Wearable Construction Safety Technologies Increase Safety, Efficiency, Productivity

May 22, 2024|

By EDA GALENO

Construction work can be dangerous. But wearable safety technologies are improving worker safety, ergonomics, efficiency and productivity by gathering and processing information, and aiding in the creation of customized safety protocols.

Wearable safety technologies and their benefits include smart helmets equipped with sensors, cameras and communication systems that can detect and alert the wearer to job site hazards, exoskeletons that provide bodily support and help prevent ergonomic injuries, sensors monitoring heart rate, body temperature and other important stats, smart boots with location and pressure detection sensors that can detect falls and smart glasses that can display information such as instructions or diagrams. These and other abilities of wearable safety technology are revolutionizing the construction industry.

“Advanced wearables serve a dual purpose, enhancing communication channels while providing real-time hazard alerts to workers,” says Alex Benson, CEO at Bardavon.  “One of the most promising advancements is in wearable sensors and bodywear technology like Bardavon’s Preventure sensors and app.

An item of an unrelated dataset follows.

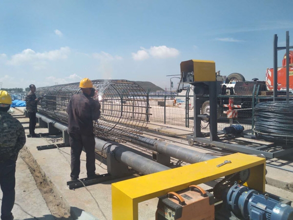 2、鋼筋籠12米以上,或者單節(jié)鋼筋籠較重時,骨架中間加焊1、2圈纏繞筋替代第三個過渡箍?;蛑苯又虚g開始繞筋,另半截籠前面向中間纏繞連接完成。所以三個過渡箍的中間一個箍應(yīng)置放在中間靠后面的地方,借以減少沖擊振動。退出輥輪并過渡到后面輥輪的方法--將過渡箍向后面推壓,讓過渡箍順膠輥旋轉(zhuǎn)到上面直到全部退出。準(zhǔn)備臺架;若采用骨架直接滾進輥輪內(nèi)檔(小型鋼筋籠),骨架制作臺架高度與設(shè)備同高。
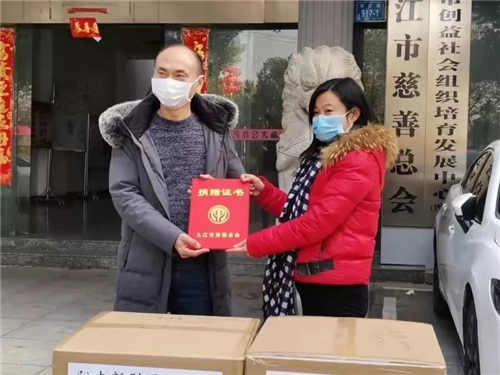 萍乡市侨联兼职副主席、昌盛大药房有限公司董事长刘芦萍紧急调动全国供应资源,采购到2万只口罩,带领昌盛志愿者为医务、城管、公安、环卫工人等各岗位防控一线工作者捐赠了医用防护(N95)口罩、维安喜保湿柔纸巾、医用酒精等物资,并温馨提示预防要点。

By using sensors to measure the movements of workers performing their tasks throughout an entire shift, you can reduce injury risks by conducting data-driven ergonomic analysis and pinpoint safety risks such as fatigue and movement inefficiencies. This proactive approach not only minimizes the likelihood of musculoskeletal injuries but also fosters a culture of preventive care and well-being among workers.”

Wearable construction safety technologies data gathered from exoskeletons can reduce the risk of lower back injuries due to repetitive lifting by alleviating stress on an individual’s back. Sensors track soft tissue movements, and if high-risk movements are detected, notifications are promptly sent to the wearer to reconsider their actions, according to Anthony Crowder, CEO and president of business development at Diamond Safety & Training. “If someone is bending incorrectly from the back, both the wearer and the safety manager will receive alerts.” Crowder emphasizes that the sensors are designed not to monitor productivity but to ensure safe working practices.

Crowder discusses a proactive approach to safety.

“On a commercial construction site, if someone is bending or squatting, we assess the ergonomic risks associated with those movements. When the risk level reaches medium or high, we actively intervene, recording the worker, analyzing the data and subsequently developing a targeted safety plan,” says Crowder.

Historically, safety measures were reactive, observes Crowder. Now, sensors can preemptively warn both workers and their supervisors about the potential risks – such as heat stroke in 100-degree weather – by monitoring heart rates, advancing safety from reactive to proactive and preventive measures.

AI and Safety Programs

Crowder highlights the evolution of safety in the construction sector through the integration of AI and wearable technology. “Traditionally, safety plans were drafted based on data from past years. Currently, with advanced technologies, data is up-to-date, allowing AI to instantly generate safety plans based on real-time inputs.”

“Safety programs need to be adaptive,” Crowder says. “For instance, conditions vary seasonally. People might be more fatigued and hotter in the summer, requiring close monitoring of blood pressure. Unlike before, where safety programs required manual updates with seasonal changes, AI now enables us to input data into a system that quickly updates safety measures, surpassing human speed and efficiency.”

Crowder also points out the economic benefits of integrating these technologies. “By entering data from workers’ compensation claims and associated costs from brokers and insurers into an ROI calculator, we can demonstrate to companies how these technologies can significantly reduce their expenses. The results speak for themselves,” he says.

Safety Pays Off

“The most exciting evolution involving safety wearable technology will be the use of injury risk data in the workers’ compensation insurance underwriting process,” says Benson. “We have been working with the University of Illinois over the past year to correlate our data sets with injury incidents, claim numbers and costs across a variety of our long-term customers, with very promising results. As more companies use injury prevention wearable technology, there will be more independently validated projects and studies occurring over the next few years. The more independent studies that demonstrate a correlation between reduction in injury risk data with reductions in workers’ compensation claims, the more likely underwriters will include the data in their premium calculation models.”

In construction, where project bids hinge on a company’s injury history, wearable tech offers a competitive advantage. By enabling real-time monitoring, coaching and injury prevention, Benson says, it helps construction firms manage and reduce workplace injuries.